Denis Gök (protokolliert und ausformuliert von Matthias Huth)
10. Oktober 2013
Liebe Freunde des Divan,
mittlerweile ist eine Menge geschehen. Anfang August 2013 gab es im Nachgang der Pressekonferenz am 4. Juli (siehe unten) ein als Kompromissangebot tituliertes Treffen mit Vertretern des DIvan und der Stadt. Denis Gök, „Baba“ und Mediator Alan Bern (war nun mittlerweile bereit, auch öffentlich zu agieren) saßen zwölf Stadtbediensteten gegenüber. Nachdem Denis Gök Dutzende von Kompromissvorschlägen auf den Tisch gelegt hatte, auch wenn die Pergola dadurch hässlicher und kleiner geworden wäre, mauerten die Gegenseite. Einziges Einlenken der Stadt: beide Segmente links und rechts entfernen (Gök hatte sich zu einem Segmentrückbau, links oder rechts bereiterklärt, die Stadtvariante hätte den Vorbau sichtlich verschandelt) oder eine vollständige Neugestaltung des Hofs, vom Besitzer Meleghy bezahlt. Abgesehen von ungeklärten Erstattungen wäre letztere Variante mit erheblichem materiellen Aufwand verbunden. Insofern war eigentlich schon klar, dass die Stadt keinen Kompromiss suchte, sondern wegen der geplanten Entfernung der Pergola ihr Gesicht wahren wollte. Zudem waren weder Wolf noch Griegutsch bei dem Gespräch zugegen: Auch eine Art, Interesse an Lösungsansätzen zu zeigen. Fazit: Feigenblätter oder taktierendes Geschwätz lösen das Problem nicht. Deswegen wird es nun, nach Aktionen zum Zwiebelmarkt, die eine weitere Öffentlichkeit herstellen sollen, eine Protestveranstaltung auf dem Theaterplatz am
Freitag, den 18. Oktober 2013 zwischen 14 und 18 Uhr
geben. Vielleicht eine der letzten Chancen, die Divan-Pergola zu retten ...
Das Divan-Team
17. Juli 2013
Liebe Freunde des Divan,
am 4. Juli 2013 haben wir im Divan eine Pressekonferenz einberufen, welche den anwesenden Journalisten noch einmal verdeutlichen sollte, dass in Sachen Terrassenvordach alle Auflagen der Stadt erfüllt sind, und somit ein Abriss nicht mehr statthaft wäre.
Im Podium saßen Prof. Hermann Wirth, Gernot Egwald-Ehrsam (Bildhauer aus Erfurt), Denis Gök und Mehmet Baba vom Divan, Elisabeth Mosafer (Architektin und „juristische Fachfrau“) sowie Matthias Huth (Künstler und freier Journalist)
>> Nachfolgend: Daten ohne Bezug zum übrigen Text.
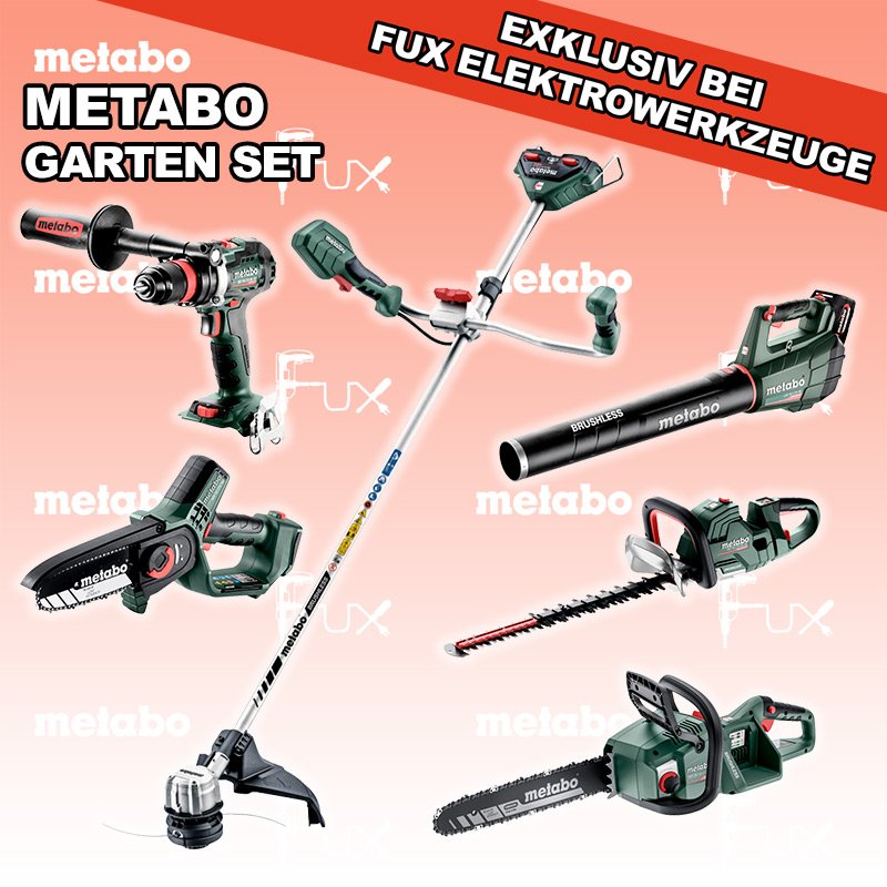 Zu "Garten Set" von Metabo FUX SPECIAL EXKLUSIV BEI FUX Metabo Garten Set 9 SOLO Bestell- und Artikelnummer: Garten Set 9 SOLO FULL Service: 36 Monate zum Nulltarif für Sie! Weitere Infos zum FULL Service Dieses Produkt ist CAS kompatibel! Weitere Infos zu CAS BS 18 LTX BL Q I Akku-BohrschrauberAkkuspannung 18 V Drehzahl 0-550 / 0-2000 U/min Drehmoment hart / weich 130 / 65 Nm Gewicht (mit Akkupack) 2.3 kgInfos MS 18 LTX 15 Akku-AstsägeAkkuspannung 18 V Schnittlänge 15 cm Max. Kettengeschwindigkeit 5 m/s Gewicht ohne Akkupack 1,6 kgInfos LB 18 LTX BL Akku-GebläseAkkuspannung 18 V Luftmenge 650 m³/h Leerlaufdrehzahl 0 - 20300 /min Gewicht (mit Akkupack) 2.5 kgInfos MS 36-18 LTX BL 40 Akku-KettensägeAkkuspannung 18 V Schnittlänge 36 cm Max. Kettengeschwindigkeit 22 m/s Gewicht mit Akkupack 4,6 kgInfos HS 18 LTX BL 55 Akku-Heckenschere Akkuspannung 18 V Schnittzahl bei Leerlauf 3.400 /min Schnittlänge 50 cm Gewicht ohne Akkupack 4,4 kgInfos FSB 36-18 LTX BL 40 Akku-RasentrimmerAkkuspannung 2 x 18 V Schnittkreisdurchmesser 40 cm Leerlaufdrehzahl 0 - 6.000 /min Gewicht (mit Akkupack) 4,7 kgInfos Registriere die in diesem Set vorhandenen Metabo Maschinen auf metabo.ch, und ergattere dir bis zu 5 Gratis Akkus!Zusätzlich offerieren wir zu diesem Set einen Gratis Akku!OHNE AKKUS UND LADEGERÄT Standard-Ausrüstung In diesem Set enthalten: BS 18 LTX BL Q I Akku-Bohrschrauber MS 18 LTX 15 Akku-Astsäge LB 18 LTX BL Akku-Gebläse MS 36-18 LTX BL 40 Akku-Kettensäge HS 18 LTX BL 55 Akku-Heckenschere FSB 36-18 LTX BL 40 Akku-Rasentrimmer Zubehör Listenpreis CHF 2'024.00 Fuxpreis CHF 1'463.00 inklusive 8.1% MwSt Versand CHF 30.00 Kein Grauimport! Produkt bestellen 1 Stück 2 Stück 3 Stück 4 Stück 5 Stück 6 Stück 7 Stück 8 Stück 9 Stück 10 Stück Alle Angaben ohne Gewähr und solange Vorrat reicht!Wiederverkäufer werden? Produkt als PDFVideo LiHD 1Video LiHD 2 AKTION 27%

Unserer Einladung sind die TA/TLZ Weimar, der MDR, Salve und Radio Lotte gefolgt. Wir waren über die Resonanz und die ausgewogene Berichterstattung sehr erfreut. (Die jeweiligen Beiträge könnt Ihr unter der unten angegeben Website einsehen, bzw. herunterladen).
In buchstäblich letzter Sekunde tauchte zwei Stunden vor der Pressekonferenz ein Freund auf, der sich selbst als Mediator anbot, da er einen „persönlichen Draht“ zu OB Wolf hatte. Dabei stellte sich heraus, dass der Abriss der Pergola schon in dieser Woche geplant war. Durch die Einwirkung des Mediators, der uns bat, aufgrund seiner Vermittlerrolle, nicht namentlich genannt zu werden, wurde dieser Abriss zunächst ausgesetzt, sodass wir mit der Pressekonferenz offenbar genau zum richtigen Zeitpunkt kamen. Allerdings teilte uns an diesem Morgen der Vermittler auch mit, dass die Brandschutzauflagen von der Stadt jetzt offenbar erhöht werden sollten, von Standard F30 auf F90.
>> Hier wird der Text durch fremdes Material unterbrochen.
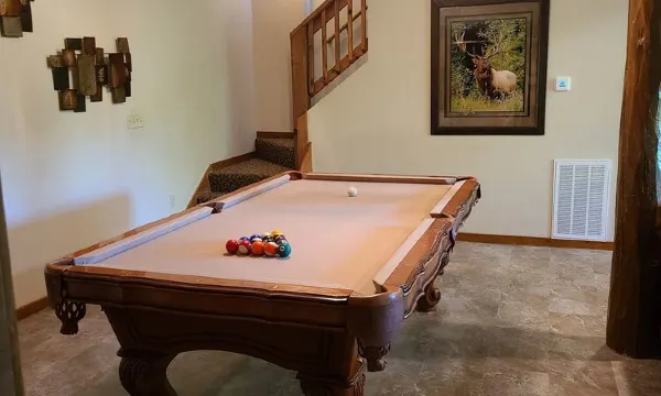 The walk out lower level has a large common area in the center of two bedrooms, each bedroom has its own bathroom, 32' TV, Cable and DVD player. There is a 42' TV, DVD player, DVD library, game table, board games, Wii game and oak pool table.

(F30 bedeutet, dass die Plane schwer entflammbar, F90, dass die Plane nicht entflammbar ist). Am 5. Juli bekamen wir endlich das Gutachten für die Plane, welches sogar den erhöhten Standard bescheinigte. Alle Unterlagen wurden am 4. und 5. Juli persönlich zu OB Wolf gebracht. Der hatte sich die Akten noch einmal gewünscht, und ließ durch den Mediator wissen, dass er die Gutachten und die damit verbundenen Sachverhalte noch einmal im Sinne einer Einigung prüfen wolle.
Wir hoffen, dass dies kein taktisches „Spiel auf Zeit“ ist, denn bis heute (17. Juli 2013) haben wir noch nichts Offizielles aus dem Weimarer Rathaus gehört. Wir hatten eigentlich vor, unseren nächsten PERGOLAPROTEST am 18. Juli einzuberufen. Doch aus Fairness und Kompromissbereitschaft wollen wir der Stadt noch etwas Zeit lassen, um die Akten zu prüfen und sich zu einer Entscheidung durchzuringen.
Nun werden wir uns also zum nächsten PERGOLAPROTEST wieder am Donnerstag, den 25. Juli 2013 treffen. Mal sehen ob es eine Feier, oder eine weitere Protestveranstaltung wird.
Das Divan-Team
23. Juni 2013
Liebe Freunde des Divan,
der erste PERGOLAPROTEST am vergangenen Donnerstag war für uns ein Erfolg. Trotz der, von der Weimarer Stadtspitze bestellten Unwetterwarnung (grins!) sind fünfundzwanzig Personen gekommen, die unser Anliegen unterstützt haben. Zudem hat der freundliche Kameramann Johannes Romeyke gefilmt, und Birgit Hünniger von Radio Lotte einen klugen Betrag gebastelt, der am nächsten Tag gesendet wurde. Dank auch noch an Thomas Adapoe, der uns kostenlos ein Headsetmikro zur Verfügung stellte, das wir letztendlich gar nicht gebraucht haben. War aber eine tolle Geste.
Lubina „bauchtanzte“, ich habe etwas vorgelesen, und wir haben noch bis spät in die Nacht gemütlich gesungen und geplaudert. Ein offenes Feuer flackerte unter dem Terrassenvordach, der Starkregen hat die Plane begossen, und wir saßen unter der Pergola und sind weder ertrunken noch verbrannt.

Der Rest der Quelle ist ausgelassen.